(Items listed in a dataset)
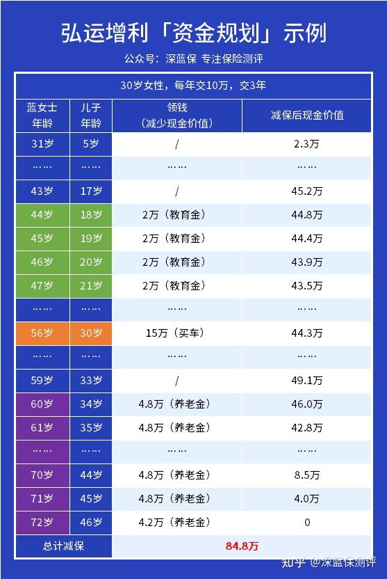 为了方便大家理解,深蓝君以这段时间比较热门的弘运增利为例,演示一下增额终身寿险的收益:
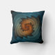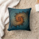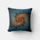 Vierkante gooi kussen ontwerp van "Whistling In The Dark," een Apophysis fractal door Susan Wallace. Copyright © 2008, Susan Wallace. Razor edged spiraal van levendig sinaasappel op een gestructureerde turquoise blauwe achtergrond.
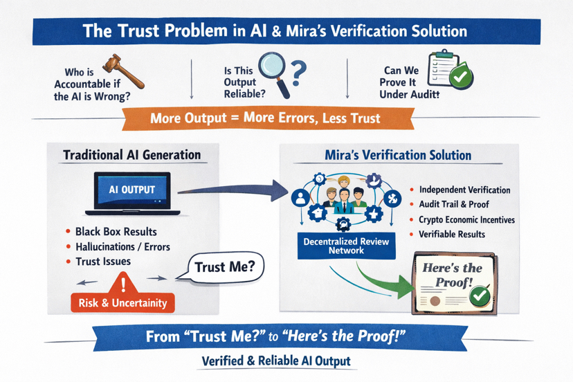 A model generating 10x more output does not automatically solve those questions. In many cases, it makes them worse. More output simply creates more surface area for silent errors.That’s why the whole “generation-first” story just doesn’t sit right with me it feels like something’s missing.It often treats mistakes as a UX problem: add better prompts, add guardrails, add confidence scores. But the real adoption bottleneck is less about syntax and more about governance. In many workflows, AI output is not just “content.” It becomes a decision input. When the cost of being wrong is small, hallucinations are annoying. When the cost of being wrong involves money, access, diagnosis, compliance, or legal exposure, hallucinations turn into trust failures. And trust failures do not scale linearly. Sometimes one serious incident is enough to stop an entire rollout.
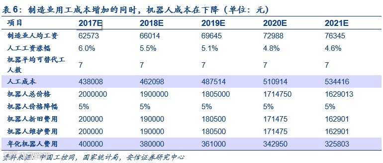 机器人技术的成熟体现在现有技术的运用成本降低以及高端技术的突破。对于现有工艺的熟练把握降低了机器人制造成本。在用工成本不断增加,机器人工艺成熟降低成本的的情况下,机器人的实用性将渐趋升高。我们对工业机器人对人工的替代性进行了测算(见表6)。根据中国工控网假设,一台大型焊接机器人,初始购置成本200万,三班倒计算可代替7个工人。根据日经中文网的调研数据显示工业机器人的平均使用期限是10年,我们假定每年的维护和折旧费用均为总费用的十分之一。根据Ofweek的数据显示,目前机器人的价格以每年的5%的速度下降。国家统计局统计的近几年制造业城镇单位就业人员工资情况表明工资增速放缓,2014年和2015年的增速分别为10.6%和7.7%,后续会进一步放缓。我们以边际递减速度放缓来估计之后几年的工资增长情况。从2017年开始,机器人使用成本既可以低于人工成本。
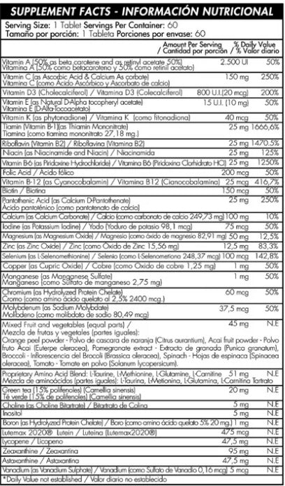 Cada frasco contiene 60 tabletas ofreciendo un suministro adecuado para un mes de bienestar integral. La fórmula de este suplemento se basa en ingredientes de alta calidad. Cada tableta está repleta de nutrientes esenciales incluyendo vitaminas como la A, C, D3, E y K, además de un completo complejo de vitaminas del grupo B como la B6, B12 y ácido fólico.

- _REQUIRED WORK_
Word for word, return the records shown above without their pictures.

- _ANSWER TO THE EXERCISE_
 为了方便大家理解,深蓝君以这段时间比较热门的弘运增利为例,演示一下增额终身寿险的收益:
 Vierkante gooi kussen ontwerp van "Whistling In The Dark," een Apophysis fractal door Susan Wallace. Copyright © 2008, Susan Wallace. Razor edged spiraal van levendig sinaasappel op een gestructureerde turquoise blauwe achtergrond.
 A model generating 10x more output does not automatically solve those questions. In many cases, it makes them worse. More output simply creates more surface area for silent errors.That’s why the whole “generation-first” story just doesn’t sit right with me it feels like something’s missing.It often treats mistakes as a UX problem: add better prompts, add guardrails, add confidence scores. But the real adoption bottleneck is less about syntax and more about governance. In many workflows, AI output is not just “content.” It becomes a decision input. When the cost of being wrong is small, hallucinations are annoying. When the cost of being wrong involves money, access, diagnosis, compliance, or legal exposure, hallucinations turn into trust failures. And trust failures do not scale linearly. Sometimes one serious incident is enough to stop an entire rollout.
 机器人技术的成熟体现在现有技术的运用成本降低以及高端技术的突破。对于现有工艺的熟练把握降低了机器人制造成本。在用工成本不断增加,机器人工艺成熟降低成本的的情况下,机器人的实用性将渐趋升高。我们对工业机器人对人工的替代性进行了测算(见表6)。根据中国工控网假设,一台大型焊接机器人,初始购置成本200万,三班倒计算可代替7个工人。根据日经中文网的调研数据显示工业机器人的平均使用期限是10年,我们假定每年的维护和折旧费用均为总费用的十分之一。根据Ofweek的数据显示,目前机器人的价格以每年的5%的速度下降。国家统计局统计的近几年制造业城镇单位就业人员工资情况表明工资增速放缓,2014年和2015年的增速分别为10.6%和7.7%,后续会进一步放缓。我们以边际递减速度放缓来估计之后几年的工资增长情况。从2017年开始,机器人使用成本既可以低于人工成本。
 Cada frasco contiene 60 tabletas ofreciendo un suministro adecuado para un mes de bienestar integral. La fórmula de este suplemento se basa en ingredientes de alta calidad. Cada tableta está repleta de nutrientes esenciales incluyendo vitaminas como la A, C, D3, E y K, además de un completo complejo de vitaminas del grupo B como la B6, B12 y ácido fólico.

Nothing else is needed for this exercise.